Dr. Dennis Schaefer-Babajew Seeks to Understand How Antibodies Respond to Vaccine Boosters with 2023 Michelson Prize

Dr. Dennis Schaefer-Babajew

Dr. Dennis Schaefer-Babajew, a physician-scientist and clinical scholar at Rockefeller University, studies a concept called antibody feedback. When the body encounters a vaccine for the first time, its B cells produce a variety of antibodies against molecules in the vaccine known as antigens.

The B cells that produce some of the most successful antibodies become memory cells, which can quickly start creating the same antibodies later when the body encounters the antigen during an infection. “From an evolutionary perspective, you're shooting a cruise missile at one really good target in the beginning,” Schaefer-Babajew says.

But if the body receives a subsequent, slightly different vaccine, that process can turn into more of a shotgun blast. Even if memory cells produce the old, previously effective antibodies, other B cells start producing a new, different set of antibodies in the hopes that some will work. Schaefer-Babajew’s research suggests that these secondary antibodies are often of lower quality, in part because the original antibodies block the new ones from reaching their targets.

Achieving the Michelson Prize for Antibody Vaccine Response Research

In recognition of his proposal to characterize how antibody responses to vaccines affect the immune response to future vaccinations, Michelson Medical Research Foundation and the Human Immunome Project have awarded the 2023 Michelson Prizes: Next Generation Grants to Dr. Dennis Schaefer-Babajew.

The Michelson Prizes, a $150,000 grant awarded annually to investigators 35 or younger who are focused on human immunology, vaccine discovery, and immunotherapy, will allow Schaefer-Babajew to study how antibody feedback responses affect sequential vaccination strategies such as the yearly flu vaccine.

Schaefer-Babajew received his MD from the Heidelberg University School of Medicine but always knew he wanted to do research. “I had this obsession with immunology,” he says, thanks to one inspiring medical school professor. So, he completed his doctoral thesis in the subject while finishing his medical degree.

He joined Rockefeller University in 2020, just in time to take part in a natural experiment. The university was part of a clinical trial testing monoclonal antibodies specifically engineered to attack SARS-CoV-2. People enrolled in the trial had never had COVID, so their immune system had never developed its own memory cells or antibodies against the virus.

“I saw a chance to study how these artificial, high-quality antibodies would affect the immune system once the trial participants encountered COVID antigens for the first time,” says Schaefer-Babajew. “Without the Covid situation the way it was, it would have been impossible to do this type of study.”

Research Discovery with COVID Vaccination Trial Participants

After the trial participants were vaccinated against COVID, the researchers looked at how well the antibodies and memory B cells in their blood bound to its antigen compared to those isolated from vaccinated people who hadn’t received the pre-treatment.
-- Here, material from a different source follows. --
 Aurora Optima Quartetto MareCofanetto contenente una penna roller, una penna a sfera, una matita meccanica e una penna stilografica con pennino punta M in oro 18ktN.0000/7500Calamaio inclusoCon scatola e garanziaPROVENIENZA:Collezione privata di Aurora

They found that the trial participants’ B cells made more and worse types of memory B cells than those who hadn’t received the pre-treatment, suggesting the strong monoclonal antibodies had interfered with the participants’ immune response to viral antigens.
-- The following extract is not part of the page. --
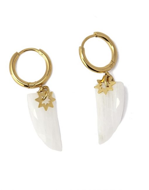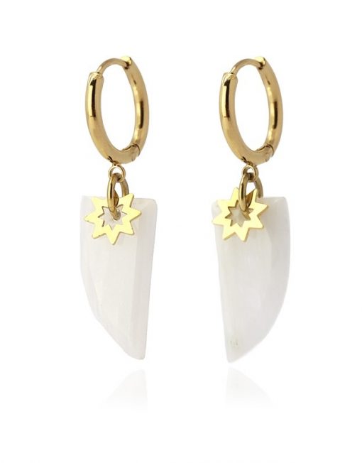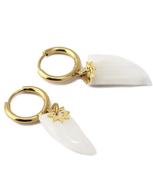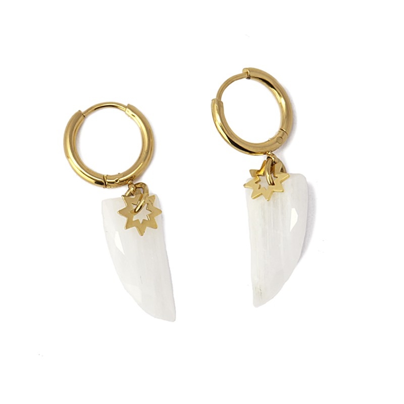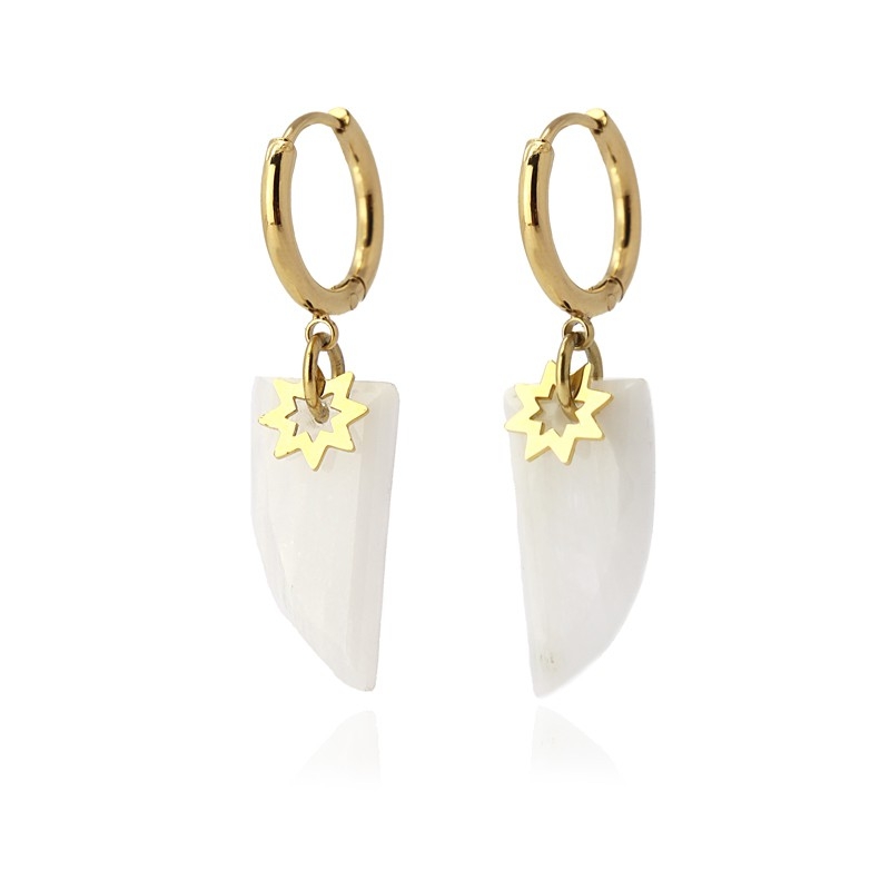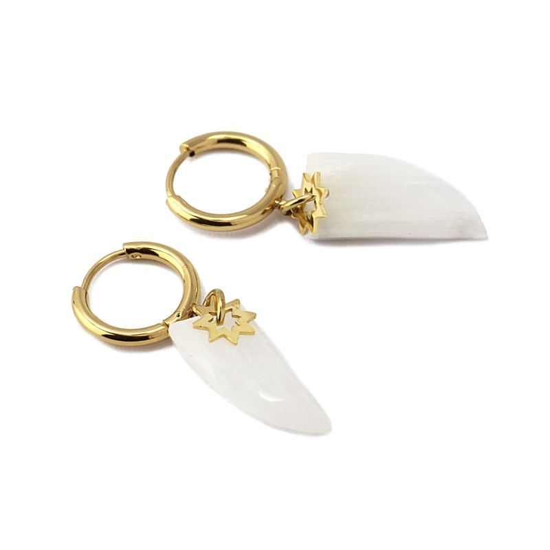 Pequeños aretes con colgante en forma de cuerno de piedra natural.

“Because the immune system has finite resources to combat an infection, making new, weak antibodies when it encounters an old antigen could be, at best, a waste,” Schaefer-Babajew says. “At worst, the weak antibodies can cover the antigen and block the good B cells from accessing their target, especially if the antigen’s best target is already hidden amid other molecules, such as the sticky sugars that coat the influenza virus.
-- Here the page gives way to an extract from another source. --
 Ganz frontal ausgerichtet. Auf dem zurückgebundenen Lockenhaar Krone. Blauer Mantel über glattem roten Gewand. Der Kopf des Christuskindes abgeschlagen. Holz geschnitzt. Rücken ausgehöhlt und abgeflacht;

Luckily, Schaefer-Babajew says, SARS-CoV-2 seems to have many good spots for antibodies to bind. But viruses like flu or HIV have only a few, which he says “has pretty profound ramifications for any type of vaccine that you have to give multiple times.” If boosting immune systems against a virus ends up steering them astray in the long term, he says, “then the whole premise is not going to work.”

With the Michelson grant, Schaefer-Babajew plans to develop genetically engineered mice to test this theory, studying how multiple vaccinations affect their ability to make good antibodies. He eventually plans to lead his own research team studying antibody feedback responses. “This has been a growing topic of interest among immunologists since the COVID pandemic started,’ he says. “It’s super nice to see a lot of labs started working on this now.”